*** Opening Raw data ***
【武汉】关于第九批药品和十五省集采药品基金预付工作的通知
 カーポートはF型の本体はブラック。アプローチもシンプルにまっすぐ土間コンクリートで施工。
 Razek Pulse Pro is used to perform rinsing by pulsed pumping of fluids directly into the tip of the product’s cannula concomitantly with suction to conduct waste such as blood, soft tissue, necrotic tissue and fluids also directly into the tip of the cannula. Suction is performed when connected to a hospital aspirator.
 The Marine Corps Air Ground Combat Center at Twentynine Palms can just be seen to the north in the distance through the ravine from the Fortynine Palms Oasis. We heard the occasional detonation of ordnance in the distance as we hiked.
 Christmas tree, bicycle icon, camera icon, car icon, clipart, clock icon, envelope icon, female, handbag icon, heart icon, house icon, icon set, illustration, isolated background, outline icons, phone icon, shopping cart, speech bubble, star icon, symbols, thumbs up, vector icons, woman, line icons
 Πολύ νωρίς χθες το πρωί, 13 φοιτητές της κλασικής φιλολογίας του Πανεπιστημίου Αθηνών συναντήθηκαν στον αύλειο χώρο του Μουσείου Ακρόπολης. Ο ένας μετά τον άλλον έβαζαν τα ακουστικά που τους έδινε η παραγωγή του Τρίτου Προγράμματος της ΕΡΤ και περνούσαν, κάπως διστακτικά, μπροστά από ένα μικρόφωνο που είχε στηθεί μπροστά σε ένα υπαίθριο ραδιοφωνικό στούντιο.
*** Closing Raw data ***
*** Opening Raw data ***
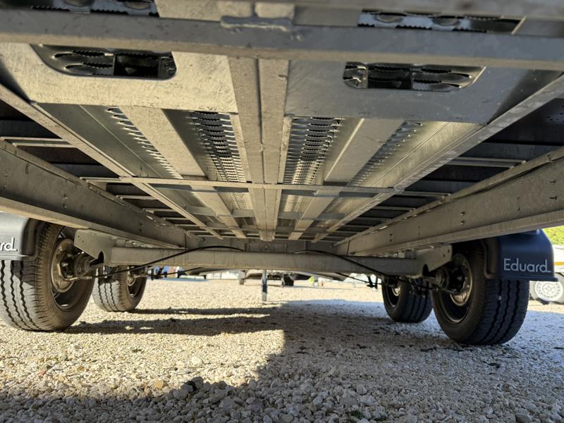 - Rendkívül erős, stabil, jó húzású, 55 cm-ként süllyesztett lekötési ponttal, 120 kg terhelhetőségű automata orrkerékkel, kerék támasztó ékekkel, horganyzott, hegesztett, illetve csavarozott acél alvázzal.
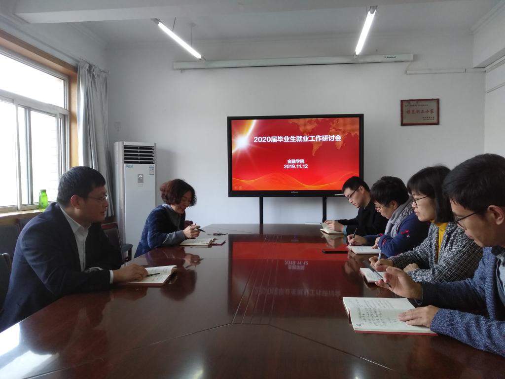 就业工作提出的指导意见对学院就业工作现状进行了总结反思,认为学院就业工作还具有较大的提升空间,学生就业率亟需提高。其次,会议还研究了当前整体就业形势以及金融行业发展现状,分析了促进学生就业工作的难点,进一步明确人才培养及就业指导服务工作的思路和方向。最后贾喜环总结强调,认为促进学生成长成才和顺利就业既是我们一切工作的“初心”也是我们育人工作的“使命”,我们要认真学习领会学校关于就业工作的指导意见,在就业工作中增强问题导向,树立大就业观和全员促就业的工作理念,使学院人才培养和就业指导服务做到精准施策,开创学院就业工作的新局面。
*** Closing Raw data ***
Work request. After locating the line with "カーポートはF型の本体はブラ" above, return that line and every later line through the one with "The Marine Corps", word for word and with nothing else.

Solution for this exercise.
 カーポートはF型の本体はブラック。アプローチもシンプルにまっすぐ土間コンクリートで施工。
 Razek Pulse Pro is used to perform rinsing by pulsed pumping of fluids directly into the tip of the product’s cannula concomitantly with suction to conduct waste such as blood, soft tissue, necrotic tissue and fluids also directly into the tip of the cannula. Suction is performed when connected to a hospital aspirator.
 The Marine Corps Air Ground Combat Center at Twentynine Palms can just be seen to the north in the distance through the ravine from the Fortynine Palms Oasis. We heard the occasional detonation of ordnance in the distance as we hiked.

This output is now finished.